= Frans Zwarts =

Frans Zwarts (born 26 March 1949 in The Hague) was the rector magnificus (academic president) of the University of Groningen (2002-2011) and a linguist and professor in the Department of Dutch Language and Culture with a specialty in semantics. His first degree was in general linguistics at the University of Amsterdam, and his PhD was completed at the University of Groningen in 1986 with the dissertation Categoriale grammatica en algebraïsche semantiek; een onderzoek naar negatie en polariteit in het Nederlands (Categorial grammar and algebraic semantics: An investigation of negation and polarity in Dutch).

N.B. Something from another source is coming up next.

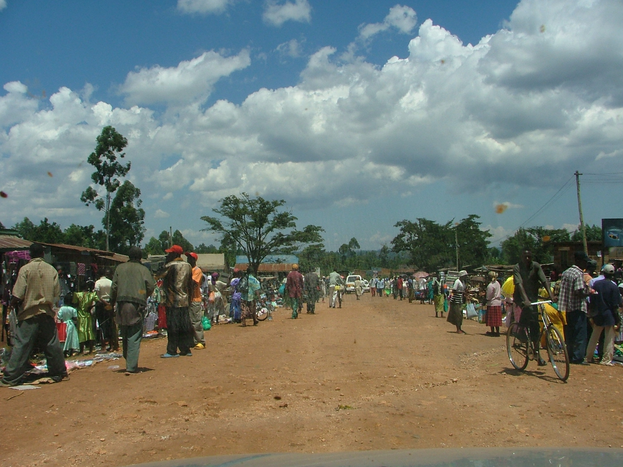 Kilingili Market Through My Car, August, 2007

He was appointed professor of Dutch linguistics in Groningen in 1987, and was scientific director of the research school (onderzoekschool) Behavioral & Cognitive Neurosciences (BCN) from 1999 until 2002, when he was elected rector magnificus. He is the president of the National Dyslexia Commission and member of the Royal Netherlands Academy of Arts and Sciences (KNAW).

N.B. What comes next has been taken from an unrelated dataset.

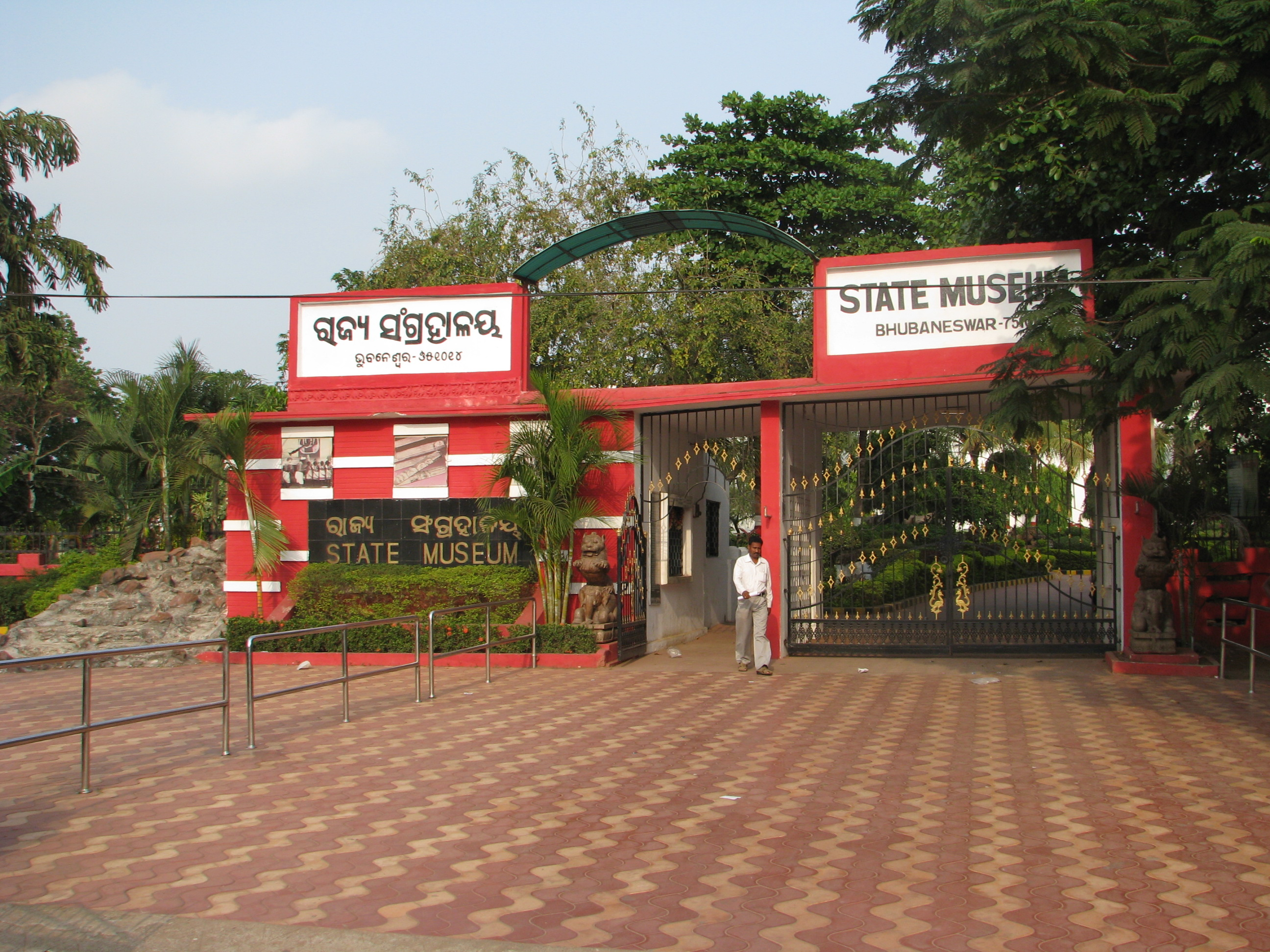 This media file is uploaded with Malayalam loves Wikimedia event.

He is best known for his work on negation and polarity, in particular the so-called Zwarts hierarchy of polarity items. This
hierarchy recognizes three types of polarity items: weak items, acceptable in all downward-entailing contexts, strong items, acceptable in anti-additive contexts and superstrong items, acceptable in antimorphic contexts. See Zwarts (1998). Other work includes a study of the relational properties of determiners (a contribution to generalized quantifier theory), Zwarts (1983), and a paper on extraction from prepositional phrases in Dutch (Zwarts 1978). More recent work includes a number of publications on dyslexia and neurolinguistics.

Zwarts is member of the Royal Netherlands Academy of Arts and Sciences since 1999.